To take
just one example – some time ago, some researchers[*]
found that when autistics and NTs were given the chance to contribute to
charity, with and without observers present in the room, NTs gave far more when
someone was present than when they thought they were alone, but autistics gave much
the same amount regardless of whether they had company or not.
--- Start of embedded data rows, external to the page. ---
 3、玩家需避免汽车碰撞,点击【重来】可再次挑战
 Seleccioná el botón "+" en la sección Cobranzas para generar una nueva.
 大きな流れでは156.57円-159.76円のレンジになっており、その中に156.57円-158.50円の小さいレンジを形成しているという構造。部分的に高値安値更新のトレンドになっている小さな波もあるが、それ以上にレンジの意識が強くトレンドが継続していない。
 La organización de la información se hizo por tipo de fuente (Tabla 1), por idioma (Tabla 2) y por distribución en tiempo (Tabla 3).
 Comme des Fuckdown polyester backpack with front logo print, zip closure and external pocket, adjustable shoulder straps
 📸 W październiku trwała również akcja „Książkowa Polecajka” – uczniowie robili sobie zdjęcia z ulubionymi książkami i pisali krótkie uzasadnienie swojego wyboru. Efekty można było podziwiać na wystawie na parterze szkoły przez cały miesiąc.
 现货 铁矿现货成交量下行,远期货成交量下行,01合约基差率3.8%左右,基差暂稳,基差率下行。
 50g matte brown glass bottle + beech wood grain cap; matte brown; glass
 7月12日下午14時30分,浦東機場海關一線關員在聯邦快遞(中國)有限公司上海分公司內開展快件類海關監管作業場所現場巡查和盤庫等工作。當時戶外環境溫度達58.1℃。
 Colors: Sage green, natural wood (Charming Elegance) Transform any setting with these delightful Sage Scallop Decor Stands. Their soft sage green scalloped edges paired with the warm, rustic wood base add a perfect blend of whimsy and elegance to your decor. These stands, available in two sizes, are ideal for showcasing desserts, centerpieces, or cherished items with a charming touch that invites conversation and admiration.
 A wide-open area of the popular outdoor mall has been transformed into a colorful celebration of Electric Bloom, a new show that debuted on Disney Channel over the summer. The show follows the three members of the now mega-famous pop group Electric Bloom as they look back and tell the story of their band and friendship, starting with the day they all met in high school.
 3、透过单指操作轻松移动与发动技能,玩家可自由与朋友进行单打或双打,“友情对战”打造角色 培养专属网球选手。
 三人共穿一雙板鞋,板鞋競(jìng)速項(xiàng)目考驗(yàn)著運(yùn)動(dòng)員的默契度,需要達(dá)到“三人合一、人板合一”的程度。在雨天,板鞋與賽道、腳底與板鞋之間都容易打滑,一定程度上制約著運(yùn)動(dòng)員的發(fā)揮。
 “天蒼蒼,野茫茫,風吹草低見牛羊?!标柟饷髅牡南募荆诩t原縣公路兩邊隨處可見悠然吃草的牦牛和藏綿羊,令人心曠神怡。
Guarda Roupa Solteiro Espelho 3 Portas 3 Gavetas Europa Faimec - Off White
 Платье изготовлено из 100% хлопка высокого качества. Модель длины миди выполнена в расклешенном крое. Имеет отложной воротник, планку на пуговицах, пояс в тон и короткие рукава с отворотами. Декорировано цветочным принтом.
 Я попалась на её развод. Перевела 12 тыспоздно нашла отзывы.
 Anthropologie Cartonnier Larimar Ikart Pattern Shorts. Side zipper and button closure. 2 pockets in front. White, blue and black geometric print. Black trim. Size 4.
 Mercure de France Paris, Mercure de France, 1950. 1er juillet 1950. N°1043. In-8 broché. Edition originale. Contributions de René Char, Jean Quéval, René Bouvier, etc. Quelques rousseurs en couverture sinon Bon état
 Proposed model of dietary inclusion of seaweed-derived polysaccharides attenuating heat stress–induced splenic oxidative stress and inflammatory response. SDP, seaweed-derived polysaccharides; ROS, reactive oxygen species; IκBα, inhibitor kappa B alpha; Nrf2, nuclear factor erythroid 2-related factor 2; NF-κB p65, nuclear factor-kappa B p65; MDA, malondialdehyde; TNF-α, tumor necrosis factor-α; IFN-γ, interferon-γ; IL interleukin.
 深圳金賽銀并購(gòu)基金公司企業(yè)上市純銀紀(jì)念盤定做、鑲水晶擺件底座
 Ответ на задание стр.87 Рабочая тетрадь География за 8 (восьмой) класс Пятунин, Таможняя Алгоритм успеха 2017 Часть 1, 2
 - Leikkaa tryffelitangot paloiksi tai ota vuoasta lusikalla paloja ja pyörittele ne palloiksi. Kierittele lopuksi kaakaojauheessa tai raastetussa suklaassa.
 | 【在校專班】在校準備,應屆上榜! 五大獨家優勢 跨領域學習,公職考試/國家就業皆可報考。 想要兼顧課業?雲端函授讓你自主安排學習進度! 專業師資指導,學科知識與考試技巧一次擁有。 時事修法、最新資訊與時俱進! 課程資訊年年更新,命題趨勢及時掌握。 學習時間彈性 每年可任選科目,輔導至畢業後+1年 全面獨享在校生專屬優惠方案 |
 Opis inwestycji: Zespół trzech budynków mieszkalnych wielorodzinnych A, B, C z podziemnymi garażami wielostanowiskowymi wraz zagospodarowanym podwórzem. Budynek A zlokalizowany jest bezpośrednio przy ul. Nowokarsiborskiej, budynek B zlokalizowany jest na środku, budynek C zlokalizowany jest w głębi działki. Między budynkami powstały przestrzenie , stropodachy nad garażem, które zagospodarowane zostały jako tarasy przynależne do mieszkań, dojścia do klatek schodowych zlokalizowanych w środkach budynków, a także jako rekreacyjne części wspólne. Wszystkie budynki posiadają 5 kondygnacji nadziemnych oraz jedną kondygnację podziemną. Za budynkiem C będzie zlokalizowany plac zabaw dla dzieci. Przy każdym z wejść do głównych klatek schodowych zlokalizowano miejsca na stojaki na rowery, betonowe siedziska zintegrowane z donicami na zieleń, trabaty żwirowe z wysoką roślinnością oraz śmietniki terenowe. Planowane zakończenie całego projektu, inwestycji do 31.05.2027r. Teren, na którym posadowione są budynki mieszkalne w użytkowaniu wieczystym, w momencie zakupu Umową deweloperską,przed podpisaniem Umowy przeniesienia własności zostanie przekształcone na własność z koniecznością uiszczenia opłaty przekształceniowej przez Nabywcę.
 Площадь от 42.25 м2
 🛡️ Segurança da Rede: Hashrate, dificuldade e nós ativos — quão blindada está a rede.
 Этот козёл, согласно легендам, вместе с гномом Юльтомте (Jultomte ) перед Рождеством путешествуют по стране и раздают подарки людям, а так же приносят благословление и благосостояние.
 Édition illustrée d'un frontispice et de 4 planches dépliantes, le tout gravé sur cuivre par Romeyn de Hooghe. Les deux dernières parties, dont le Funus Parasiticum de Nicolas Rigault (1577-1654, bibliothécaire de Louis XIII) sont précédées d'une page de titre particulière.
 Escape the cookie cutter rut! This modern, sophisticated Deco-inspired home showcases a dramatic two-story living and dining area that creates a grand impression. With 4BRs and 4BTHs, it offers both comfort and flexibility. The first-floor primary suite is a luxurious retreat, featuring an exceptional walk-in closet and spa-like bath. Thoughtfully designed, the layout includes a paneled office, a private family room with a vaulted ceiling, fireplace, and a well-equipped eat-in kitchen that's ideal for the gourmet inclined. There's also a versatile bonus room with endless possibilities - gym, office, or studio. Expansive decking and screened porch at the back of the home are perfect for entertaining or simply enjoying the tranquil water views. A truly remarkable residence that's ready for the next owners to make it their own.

This could have been framed as an example of
inherent honesty or high principles in autistics – but nooooo. Instead, a new
term was coined - ‘reputation management’, which, it was decided, we were
deficient in!! This, they said, was due to our lack of ‘theory of mind’. The
possibility that we might very well know that others will think better of us if
we contribute larger amounts to charity, but regard this as irrelevant, judging
said charity on its own merits, never seems to have occurred to the
researchers. That we might think ‘managing our reputation’ (ie presenting a
false image of ourselves) an inherently dishonest, even unethical, thing to do
also never seems to have occurred to them. Sigh. Once again, results that could
have been structured as ‘autistic-positive’, or at least neutral, instead
become ‘autistic-negative’.
A deeper
and more worrying example is the research into the ‘causes’ of autism. It too usually
seems to take as its starting point the assumption that the world is better off
without us, that there is little or nothing positive that we bring to the
world. Much of this research has almost ludicrous results – the list of
‘causes’ of autism that appear regularly as ‘Scientists-Have-Found-Possible-Cause-of-Autism’-type
articles trumpeted in newspapers or online, includes (ta-dah) …motorway traffic,
corn syrup, older mothers, older fathers, diesel fumes, Lyme disease, too much
androgen, copper pipes, prematurity, low birth weight, high birth weight (contradict much?), environmental chemicals,
organic foods (those last two also seem contradictory), anti-depressants,
smoking during pregnancy, diabetes during pregnancy, too little oxytocin (the
‘bonding hormone’), Clomid (it’s your mother’s fault for wanting you), specific
facial or finger or other physical features, faulty immune system in the mother,
having a big head, being a big baby (really? So how come smallest-birthweight-me
has autism, but none of my bigger-brawnier-birthweight-sibs do?), being second
or later-born (I’m first-born), being born close together, being a twin, being
born via IVF, even being born in summer, circumcision, and the Internet… I kid
you not. And this list doesn't include the Hoary Old Standards of refrigerator
mothers, vaccines, missing gut enzymes or mercury. (Do you get the feeling the
scientists are kind of grasping at straws?)
Some autism
research, into the genetics of autism for instance, could be a good thing (eg
in convincing many that we are not just ‘badly behaved’, ‘spoiled brats’, etc),
but could also be used against us – most especially to develop prenatal tests
that could see us become as decimated as those with Downs Syndrome are becoming
– and as gays, lesbians, transsexuals, etc, might once have been, if such tests
had been devised before the coming of the gay liberation movement.
But where
is the research that would actually help us manage our daily lives better, cope
with the world better, have fewer meltdowns and sensory overloads, etc, etc; or
the research into why, for instance, some autistics can communicate verbally,
and some can’t? Where are the surveys to find out just how many autistics there
really are amongst the adult population? (I know of only one such, undertaken
in the UK, and it has been criticised.) Where is the research that is either
autistic-neutral, or autistic-positive?
Nothing
less than a total re-framing of the grounds on which research is done, the
assumptions behind all of it, is necessary and urgent, when it comes to autism.
Anything else is likely to lead to our eventual eradication, and the
destruction of our unique contributions to the world.